Dies ist ein Update zur aktuellen Lage im Stayforeverland. Chris und Gunnar geben Auskunft zum Projekt Stay Forever, mit einem kleinen Resümee des aktuellen Jahres. Wir sprechen über die Arbeit hinter der "Woche des Jubels", die kürzlich lief, das neue HQ, Live-Pläne Post-Corona, neue Angebote bei Steady, die Rolle von Fabian und unseren neuen Merch-Shop.
Letzterer ist hier zu finden, unter https://retroshirty.com/. Gibt auch einen dauerhaften Link oben in der Seitennavigation.
Wir danken allen Hörern und Unterstützern und allen Menschen, die uns in der täglichen Arbeit zur Seite stehen, vor allem Christian B. (Community Management), Paul S. (Grafik), Lars R. (Audioschnitt) und Fabian L. (Audioschnitt). Und den Kooperationspartnern André von The Pod und Maurice von GameStar. Und den Interview-Partnern Bernhard Ewers, Rob Anderson, Julian Eggebrecht, Richard Leinfellner, Stephen Marley, Jörg Langer, Winnie Forster, Petra Fröhlich, Anatol Locker sowie Jörg Spormann.

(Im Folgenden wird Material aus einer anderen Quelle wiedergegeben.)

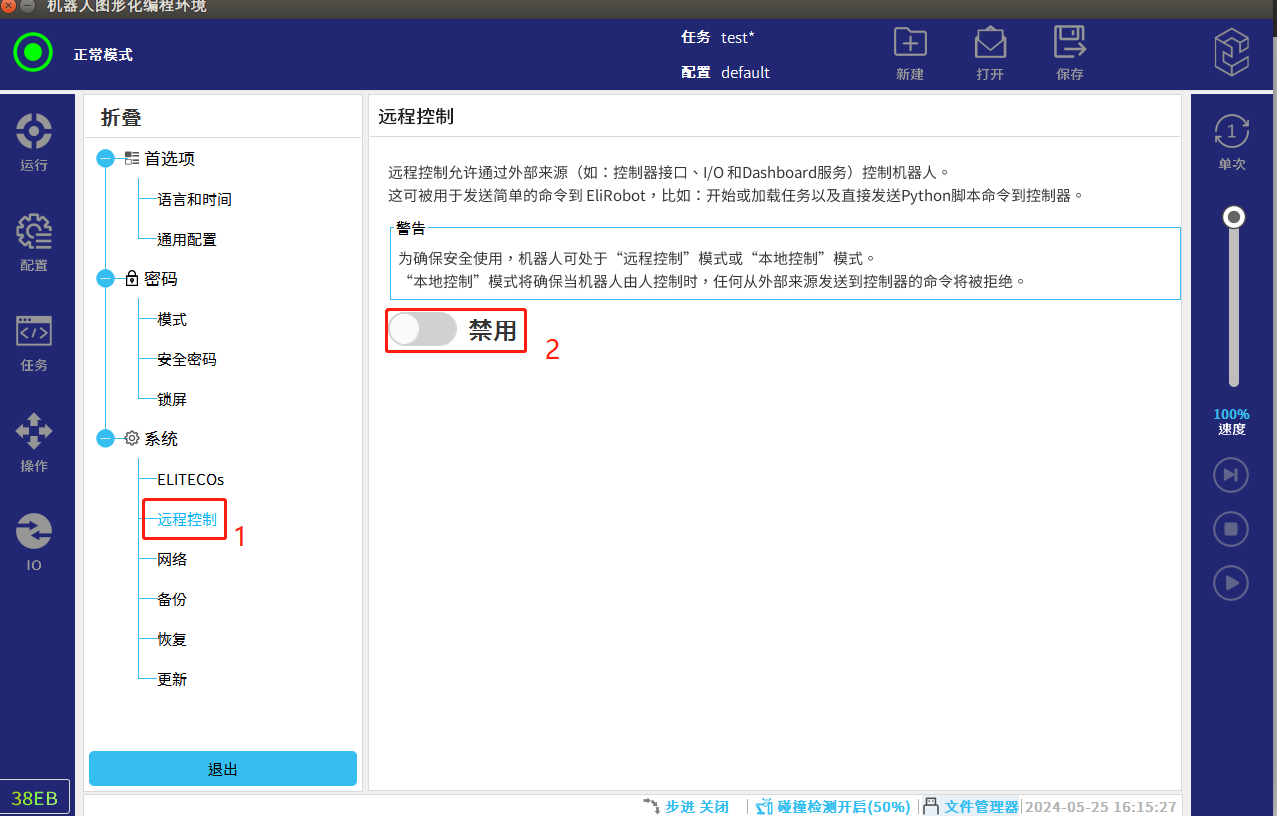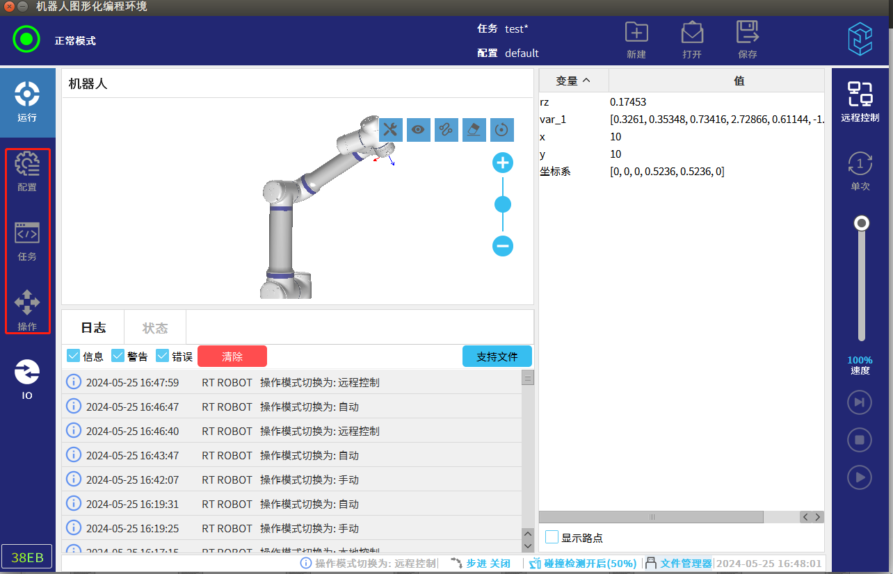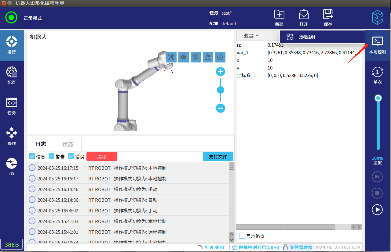 远程模式即为可以通过远程控制器来控制机器人的运动,例如通过Modbus,Ethernet,Profinet等通讯远程控制实现机器人的运行

Und weil wir auch ein bisschen was zurückgeben wollen: Stay Forever ist seit März Unterstützer der Hamburger Tafel und seit Juli Fördermitglied des Retrogames e.V. aus Karlsruhe. Auf Patreon unterstützen wir auch andere Projekte mit kleinen Beträgen, namentlich die Rollenspielexperten von OrkenspalterTV, die Bier trinkenden Podcaster von The Pod, den täglichsten Games-Podcast Insert Moin, den Podcast Last Game Standing von Christian Schiffer und Christian Alt, den Streamer Gronkh, die Spieleveteranen Lenhardt & Langer, die deutsche Spielentwicklerkonferenz devcom, die Retro-Kollegen von Retrokompott, den Indiegames-Spürhund Buried Treasure, den "Digital Antiquarian" Jimmy Maher, den Youtuber DOSNostalgia, den "CRPG-Addict" Chester C. Bolingbroke, das Archiv-Projekt Mobygames, die Podcaster von Radio Nukular, den Berliner Games-Podcast Hooked, die Let's Player von GameTube, den RumblePack-Podcast und natürlich den Soundguru Chris Hülsbeck.
Nun aber zum Podcast:
Credits:
Sprecher: Christian Schmidt, Gunnar Lott
Audioproduktion: Fabian Langer, Christian Schmidt
Titelgrafik: Paul Schmidt
Intro, Outro: Nino Kerl (Ansage); Chris Hülsbeck (Musik)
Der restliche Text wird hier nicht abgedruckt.